**What to produce:** Since the records include pictures, leave those out while you reproduce exactly and only the lines from the one containing "- Laminated over" through the one containing "あめ玉のようにころんとしたロ", inclusive.

**Information provided:**
────
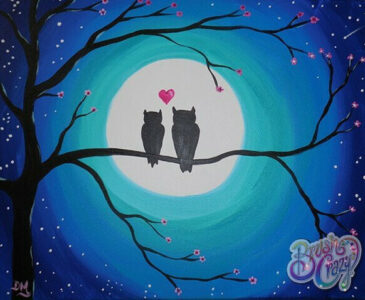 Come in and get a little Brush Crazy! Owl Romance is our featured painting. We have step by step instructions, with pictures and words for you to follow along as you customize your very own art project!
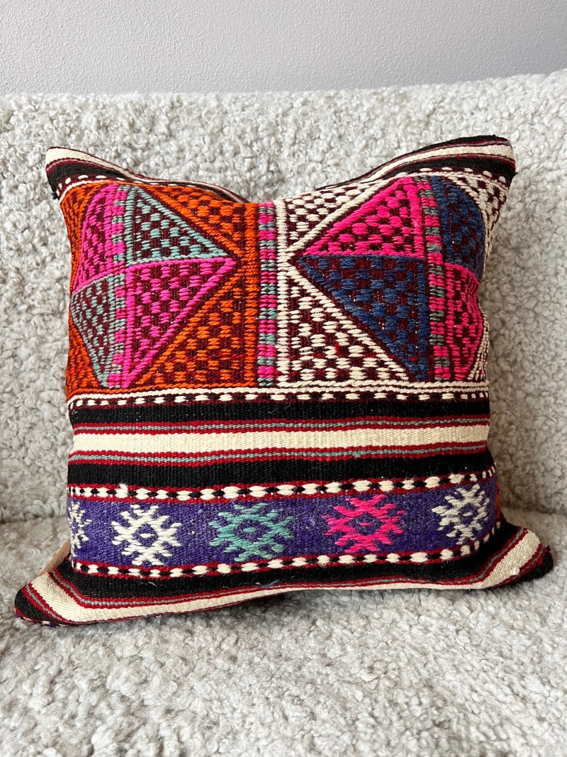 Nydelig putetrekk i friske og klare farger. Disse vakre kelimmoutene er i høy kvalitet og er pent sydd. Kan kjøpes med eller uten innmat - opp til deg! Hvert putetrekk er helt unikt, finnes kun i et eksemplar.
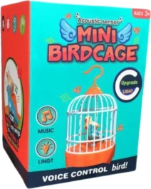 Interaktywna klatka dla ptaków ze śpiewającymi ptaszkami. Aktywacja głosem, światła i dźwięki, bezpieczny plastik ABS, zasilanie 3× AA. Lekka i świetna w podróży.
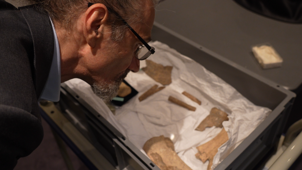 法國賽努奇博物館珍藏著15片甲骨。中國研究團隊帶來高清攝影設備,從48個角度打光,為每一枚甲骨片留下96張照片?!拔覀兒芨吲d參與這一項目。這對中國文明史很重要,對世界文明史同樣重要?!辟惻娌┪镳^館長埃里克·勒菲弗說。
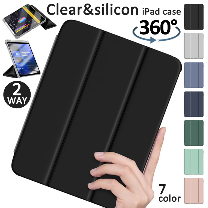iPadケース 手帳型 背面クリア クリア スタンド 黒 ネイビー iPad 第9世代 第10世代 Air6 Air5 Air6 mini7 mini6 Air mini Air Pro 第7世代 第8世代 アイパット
────
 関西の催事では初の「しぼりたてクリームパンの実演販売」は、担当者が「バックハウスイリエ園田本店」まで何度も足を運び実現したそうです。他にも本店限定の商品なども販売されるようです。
────
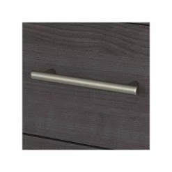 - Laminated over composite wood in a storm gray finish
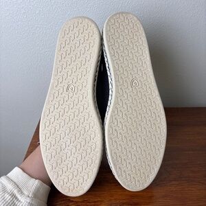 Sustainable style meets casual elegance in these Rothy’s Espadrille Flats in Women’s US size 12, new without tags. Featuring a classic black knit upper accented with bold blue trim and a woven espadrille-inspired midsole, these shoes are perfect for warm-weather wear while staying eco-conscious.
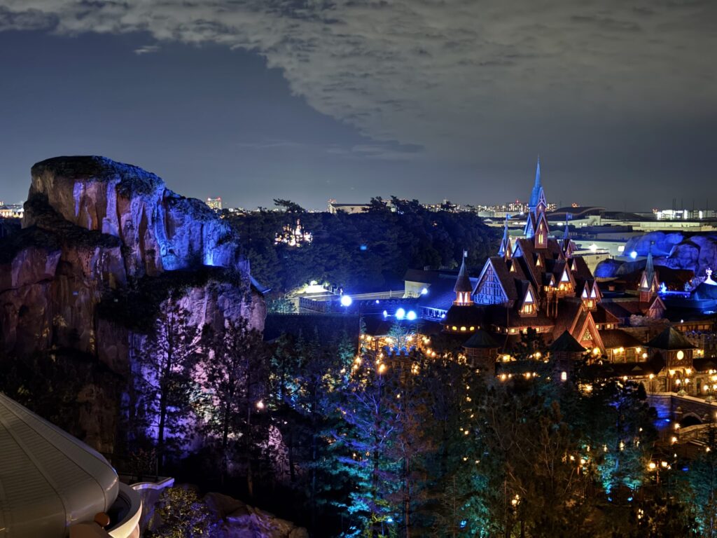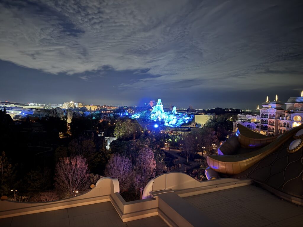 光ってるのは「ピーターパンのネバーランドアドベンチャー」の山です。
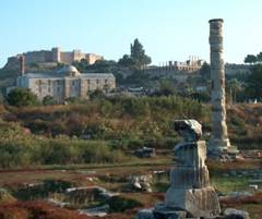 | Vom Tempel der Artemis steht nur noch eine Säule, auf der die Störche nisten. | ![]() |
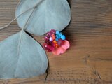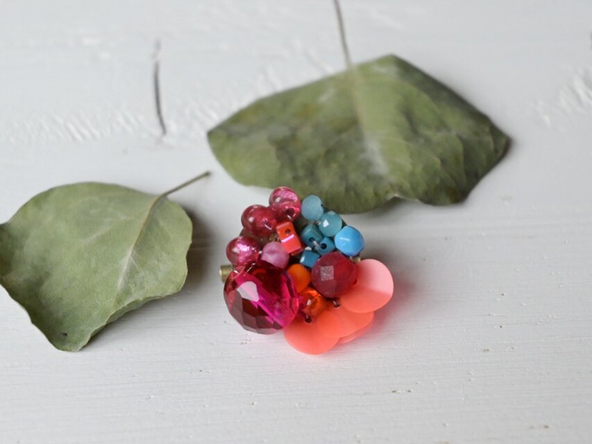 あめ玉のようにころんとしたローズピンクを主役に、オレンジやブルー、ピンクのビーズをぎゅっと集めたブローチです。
────
**Written answer:**
 - Laminated over composite wood in a storm gray finish
 Sustainable style meets casual elegance in these Rothy’s Espadrille Flats in Women’s US size 12, new without tags. Featuring a classic black knit upper accented with bold blue trim and a woven espadrille-inspired midsole, these shoes are perfect for warm-weather wear while staying eco-conscious.
 光ってるのは「ピーターパンのネバーランドアドベンチャー」の山です。
 | Vom Tempel der Artemis steht nur noch eine Säule, auf der die Störche nisten. | ![]() |
 あめ玉のようにころんとしたローズピンクを主役に、オレンジやブルー、ピンクのビーズをぎゅっと集めたブローチです。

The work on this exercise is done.